Praying the Same Prayer for 35 Years

You will have to trust me, but this really happened

Our church had just planted its 5th church in its first 7 years of life. God had been very gracious to us. The church had grown. We gained experience and had seen God do some miraculous things. Most of the churches we had planted were growing by about 25% conversion growth and our own church continued to replace the people we sent away with new conversion and new growth that fueled a lot of excitement and joy in our congregation.

I was, if I recall accurately, about 41 or 42, when I was approached by a “head-hunter” from another denomination and offered a $1 million dollar budget to switch denominations and help start a church planting movement of churches like our own church (a multi-ethnic church planting-church and built on sound exposition of the Scripture and prayer). The denomination to which I was being invited had a very similar doctrinal statement to my own denomination (the Evangelical Free Church of America). The invitation was basically phrased with the following highly attractive features:

  • I could plant anywhere in a four-state area.
  • I could hire any staff that I thought appropriate to the task
  • But the objective was to plant churches that would seek to be . . .
    • Multi-ethnic in makeup
    • Develop a church planting legacy – that is, plant churches that would plant other churches as part of their DNA.
    • Plant churches that were committed to teaching the Bible expositionally.
  • And that was it. No other strings attached.
I turned it down.

It was an easy decision.

Part of what made it easy was that I loved our church. I loved what it was. I loved what it was doing. I loved what it was becoming. And I loved what it was learning and what I was learning along with it. But most of all, I loved the people. They were the people whose stories I knew, who I had seen transformed by the gospel, had seen them grow from grace to grace, and to grow in the grace and knowledge of Christ. They loved me and were kind to me and suffered with me as I learned how to be a pastor. We became family and it’s hard to leave a family you love.

But the larger reason for why it was easy to turn down such a generous and visionary offer was that I knew that God had called me to New Song Church and the Evangelical Free Church of America.  And that was that. I would stay where I was and remain faithful in doing what God told me to do—plant and pastor a multi-ethnic church-planting church that would train other church planters to do the same.

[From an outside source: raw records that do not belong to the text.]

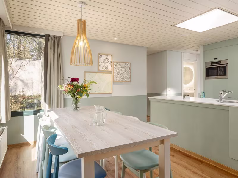 מטבח מאובזר: כיריים, מקרר, מדיח כלים, מיקרוגל קומבי, NESCAFE DOLCE GUSTO, מכונת קפה פילטר, טוסטר, מסחטת מיץ, קומקום, סכום, סירים, מחבתות, וכיסא גבוה.
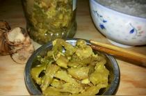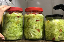 分批裝進(jìn)若干個(gè)小玻璃瓶子里(便于分開食用和保存),用牙簽在瓶口內(nèi)十字架壓實(shí)芥菜條,蓋好口放陰涼處,等二個(gè)星期就能進(jìn)食了。
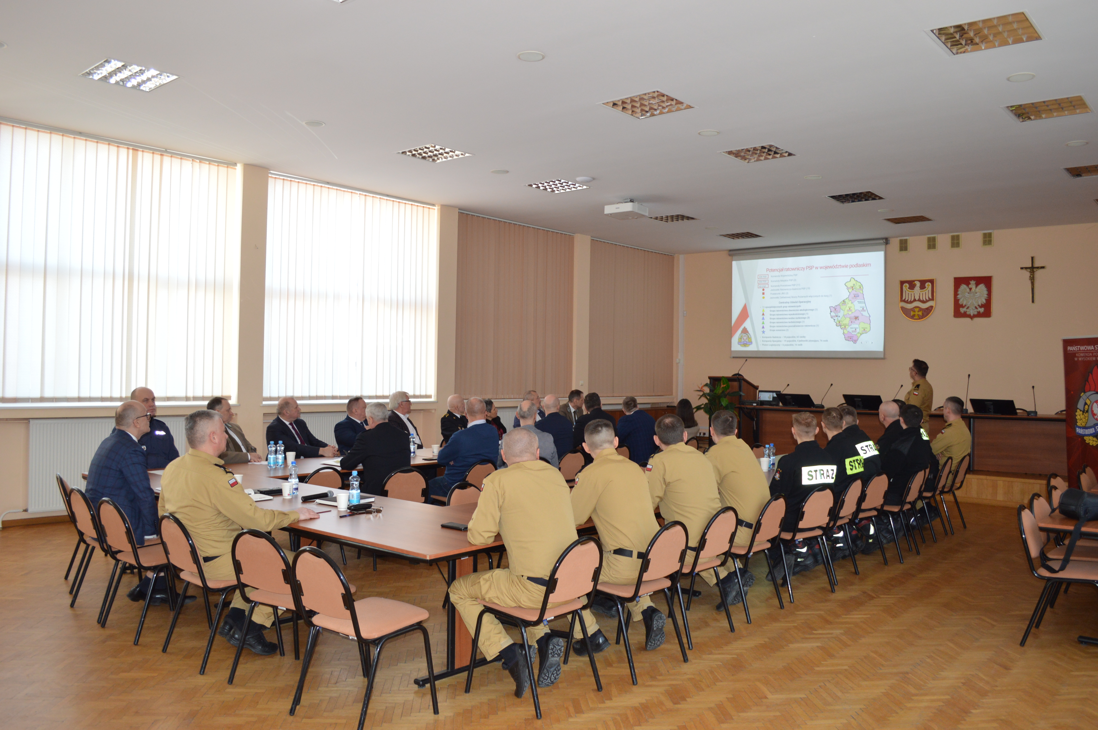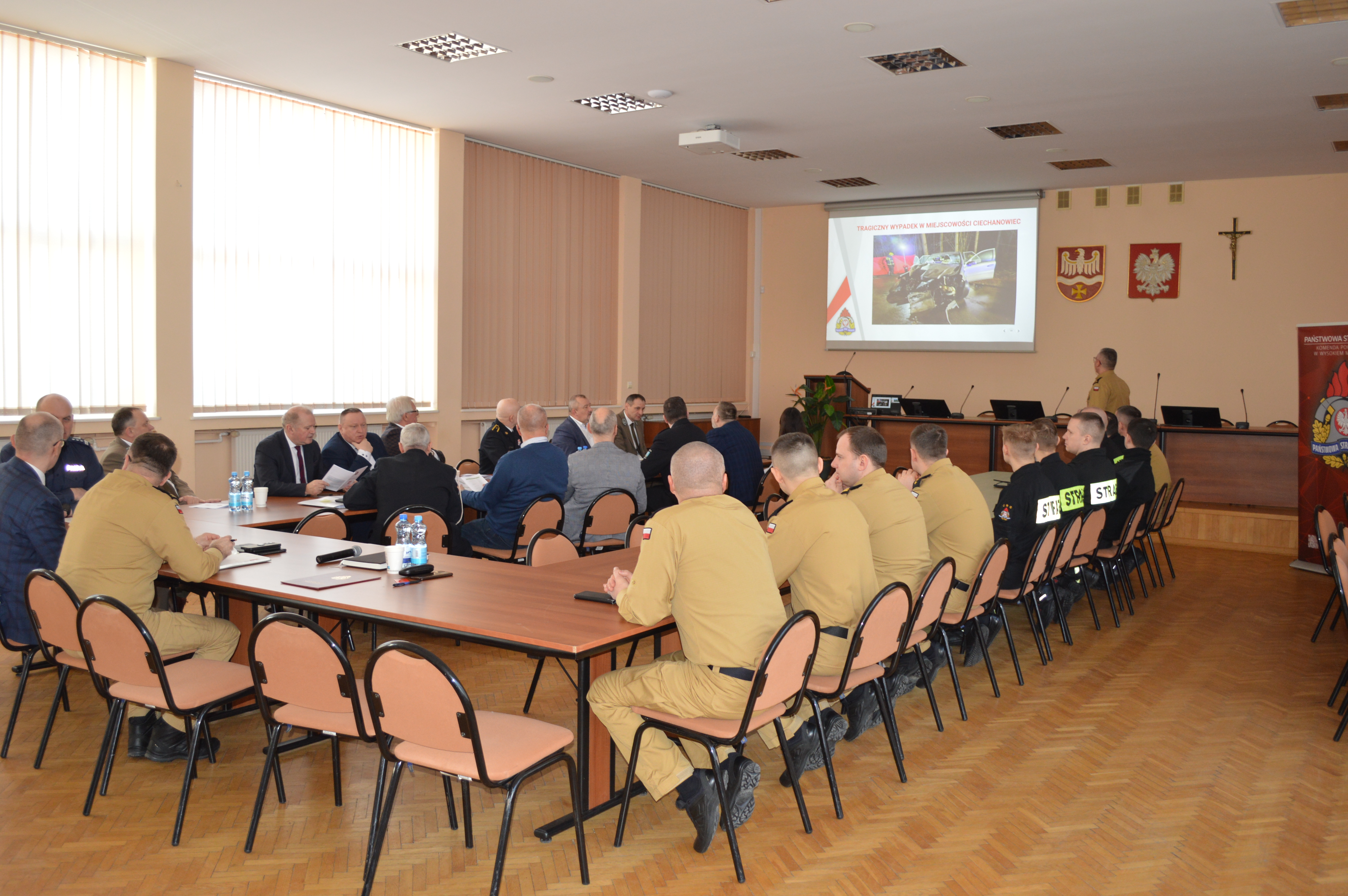 W naradzie udział wzięli funkcjonariusze Komendy Powiatowej PSP w Wysokiem Mazowieckiem, na czele z Komendantem Powiatowym PSP mł. bryg. Wojciechem Sokołowskim oraz zaproszeni goście, wśród których znaleźli się: Zastępca Podlaskiego Komendanta Wojewódzkiego Państwowej Straży Pożarnej – mł. bryg. Łukasz Chankowski, starosta wysokomazowiecki i jednocześnie prezes Zarządu Oddziału Powiatowego ZOSP RP – Pan Bogdan Zieliński, przedstawiciele władz samorządowych szczebla gminnego w osobach wójtów i burmistrzów oraz przedstawiciele służb współdziałających.

I am thankful for those years and what God did through my bumbling ways. Those days are long-ago and far away now. I am in the last chapters of life. There is much sand in the bottom of the hour glass and the torch has been passed to younger, more energetic, and hopefully, better men, but the needs for the kind of churches that we worked hard to pray and plant into the landscape of America is as urgent as ever. Our nation, indeed, our world needs churches that will navigate racially divided public spaces with the grace of the gospel and the steely-strength of the Bible narrative. My prayer is still the same. That God would raise up men and women who will give themselves to the task. I hope you will join me and pray for the revival of the church in America.

[Maybe there is another post in the future about discerning the call of God, but not now.]